Low-Osmolar Diet and Adjusted Water Intake for Vasopressin Reduction in Autosomal Dominant Polycystic Kidney Disease: A Pilot Randomized Controlled Trial

Abstract

Background: Autosomal dominant polycystic kidney disease (ADPKD) affects millions of people worldwide. Vasopressin promotes disease progression.

Study design: A randomized controlled trial with equal (1:1) allocation.

Setting & participants: This trial examined the effect of combining a low-osmolar (low-sodium [1,500mg/d], low-protein [0.8g per kilogram of body weight]) diet and adjusted water intake on vasopressin secretion in 34 patients with ADPKD.

Intervention: Participants were randomly assigned to receive a low-osmolar diet followed by adjusted water intake to achieve urine osmolality ≤ 280mOsm/kg water versus no intervention for 2 weeks.

Outcome: The primary outcome of the study was change (delta) in copeptin levels and urine osmolality between the intervention and control groups from baseline to 2 weeks.

Measurements: Fasting plasma copeptin level, 24-hour urine osmolality, and total solute intake.

Results: Baseline characteristics of the 2 groups were similar. Mean plasma copeptin levels and urine osmolality declined from 6.2±3.05 (SD) to 5.3±2.5pmol/L (P=0.02) and from 426±193 to 258±117mOsm/kg water (P=0.01), respectively, in the intervention group compared to a nonsignificant change in the control group (from 4.7±3.6 to 5.07±4pmol/L [P=0.2] and 329±159 to 349±139mOsm/kg water [P=0.3], respectively). The change in copeptin levels (primary outcome) and urine osmolality was statistically significant between the intervention and control groups (delta copeptin, -0.86±1.3 vs +0.39±1.2pmol/L [P=0.009]; delta urine osmolality, -167±264 vs +20±80mOsm/kg water [P=0.007], respectively). Total urinary solute decreased in only the intervention group and significantly differed between groups at week 1 (P=0.03), reducing mean water prescription from 3.2 to 2.6L/d.

Limitations: Small sample size and short follow-up.

Conclusions: We developed a stepwise dietary intervention that led to a significant reduction in vasopressin secretion in patients with ADPKD. Furthermore, this intervention led to a reduction in water required for vasopressin reduction.

Keywords: Autosomal dominant polycystic kidney disease (ADPKD); clinical trial; copeptin; nutrition; osmolality; protein; salt; urea; vasopressin; water.

Figure 1

Consolidated Standards of Reporting Trials (CONSORT) diagram. Of the 34 patients who were randomized, 33 (97%) completed the study and were included for analysis.

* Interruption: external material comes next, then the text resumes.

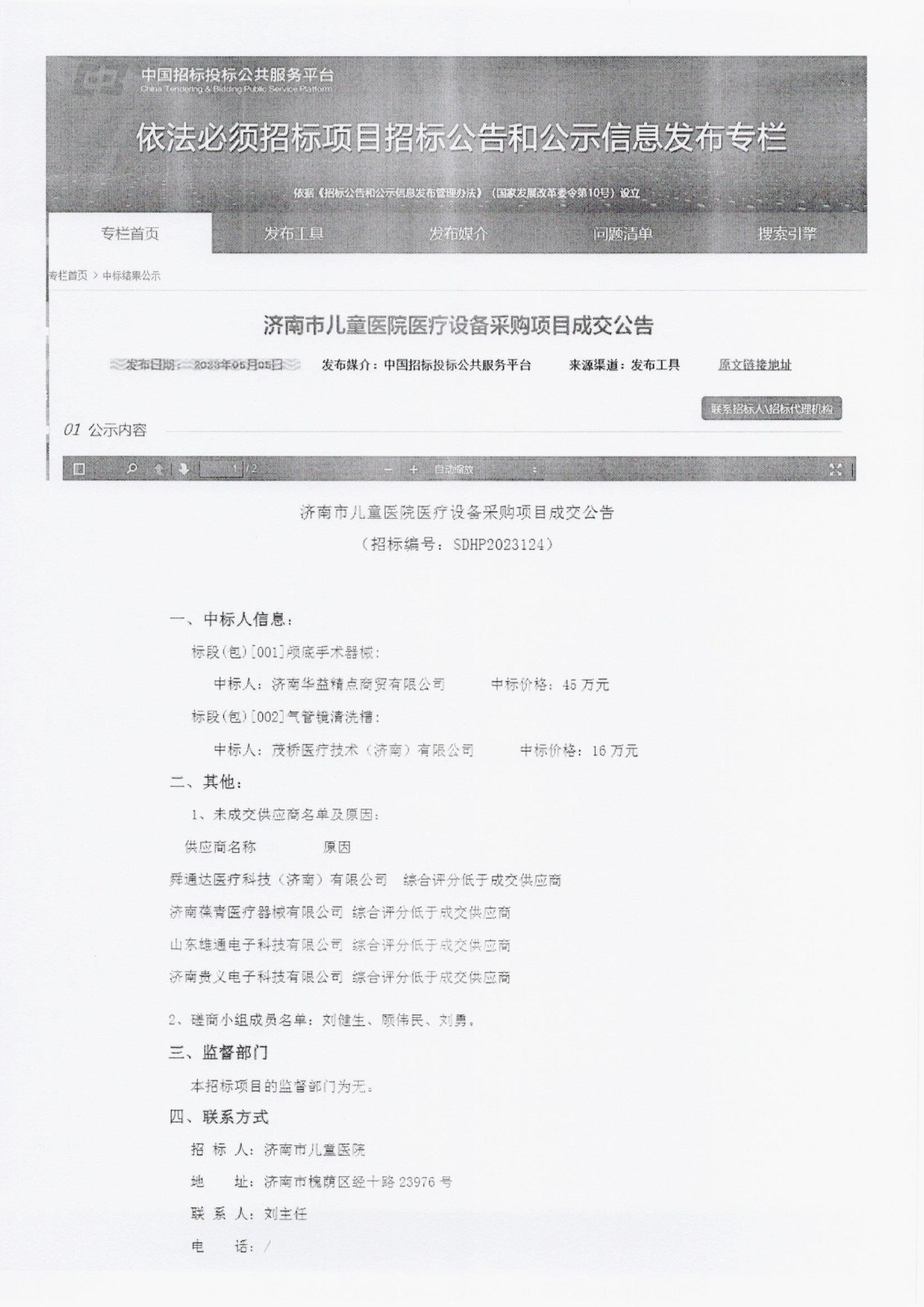 济南市儿童医院医疗设备采购项目成交公告

One patient withdrew participation, citing a conflict with a job.

Figure 2

Panel A: Plasma copeptin compared to baseline in the two study groups, over study visits. In the low osmolar diet group, plasma copeptin declined by 15% by visit 3 (week 2) (P=0.02), compared to non-significant change in the control group. Panel B: The primary outcome of the study was the change (delta) in copeptin between intervention and control groups from baseline to two weeks. This change was statistically significant (P=0.009). Plasma copeptin (pmol/L) in each individual patient in control (left) and intervention (right) groups before (visit 1) and after 2 weeks of assignment (visit 3). The bold solid line represents the mean. V, visit Panel C: In the intervention group, the 24 hour mean urine osmolality decreased by 40% on visit 3(week 2) (P=0.01) compared to no significant change in the control group during the study period. Panel D: The change (delta) in urine osmolality (mOsm/Kg H2O) between intervention and control groups at 2 weeks was statistically different (P=0.007). 24 hour urine osmolality in each individual patient in control (left) and intervention (right) groups before (visit 1) and after 2 weeks of treatment (visit 3). The bold solid line represents the mean. V, visit.

Figure 3

Change in total solute^a and corresponding water requirement^b at visit 2 needed to reach a target urine osmolality of 280 mOsm/Kg H₂O . Total solute was similar between groups at baseline (p= 0.3). Following intervention, total solute decreased only in the low osmolar diet group (P=0.02) reducing the mean water prescription for the intervention group from 3.2 L/daily at baseline to 2.6 L/daily at visit 2. ^a Total solute = urine volume (L) in 24 hours × urine osmolality (mOsm/Kg H₂O). ^b Including 0.5 liter for each individual to account for insensible loss.

Figure 4

Correlation between 24 hour urine osmolality (urine_osm) and fasting plasma copeptin. Plasma copeptin levels were directly correlated with 24 hour urine osmolality at baseline and throughout the study (Pearson’s r = 0.4, p<0.001).